The Housing Meltdown: Why Did It Happen In The United States?
The crisis enveloping global financial markets since August 2007 was triggered by actual and prospective credit losses on US mortgages. Was the United States just unlucky to have been the first to experience a housing crisis? Or was it inherently more susceptible to one?
I examine the limited international evidence available, to ask how the boom-bust cycle in the US housing market differed from elsewhere and what the underlying institutional drivers of these differences were. Compared with other countries, the United States seems to have: built up a larger overhang of excess housing supply; experienced a greater easing in mortgage lending standards; and ended up with a household sector more vulnerable to falling housing prices. Some of these outcomes seem to have been driven by tax, legal and regulatory systems that encouraged households to increase their leverage and permitted lenders to enable that development.

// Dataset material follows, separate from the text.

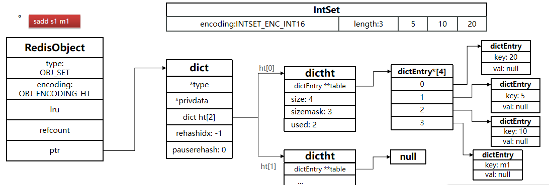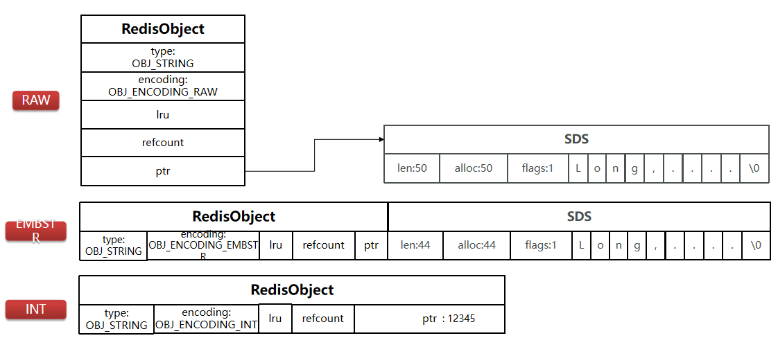 - 更节省内存: key是string类型,底层编码包含int、embstr和raw三种。embstr在小于44字节使用,采用连续内存空间,内存占用更小。当字节数大于44字节时,会转为raw模式存储,在raw模式下,内存空间不是连续的,而是采用一个指针指向了另外一段内存空间,在这段空间里存储SDS内容,这样空间不连续,访问的时候性能也就会收到影响,还有可能产生内存碎片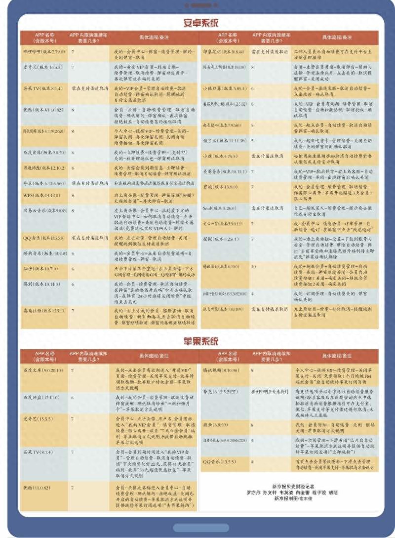 此外,本次测试为记者在APP中寻找取消续费通道的实测,其中一些APP可能通向取消的界面有多种路径,但由于交互界面不明显,记者难以找到从哪里取消。

Given the institutional background, it may have been that the US housing boom was always more likely to end badly than the booms elsewhere.
September 24th, 2008 at 8:01 pm
i believe the saying is: “nothing exceeds like excess.” america always does things, both good and bad, bigger and better than any other. “more is better” is our unoffical national motto. i do not mean to disparage our country, i love it very much– just an observation on how it is…
September 25th, 2008 at 12:58 pm
[...] Was the end of the U.S. housing boom inevitable? (Alea) [...]
September 27th, 2008 at 6:25 pm
I’m curious, do you think credit cycles are intrinsically MORE deadly on the economy than regular ECONOMIC cycles? Or is it the unique presence of credit derivatives in THIS credit bust that has extracted so much blood?
September 27th, 2008 at 6:39 pm
Interesting read. America’s current credit system has always had the potential to create this kind of meltdown. It was only a matter of time.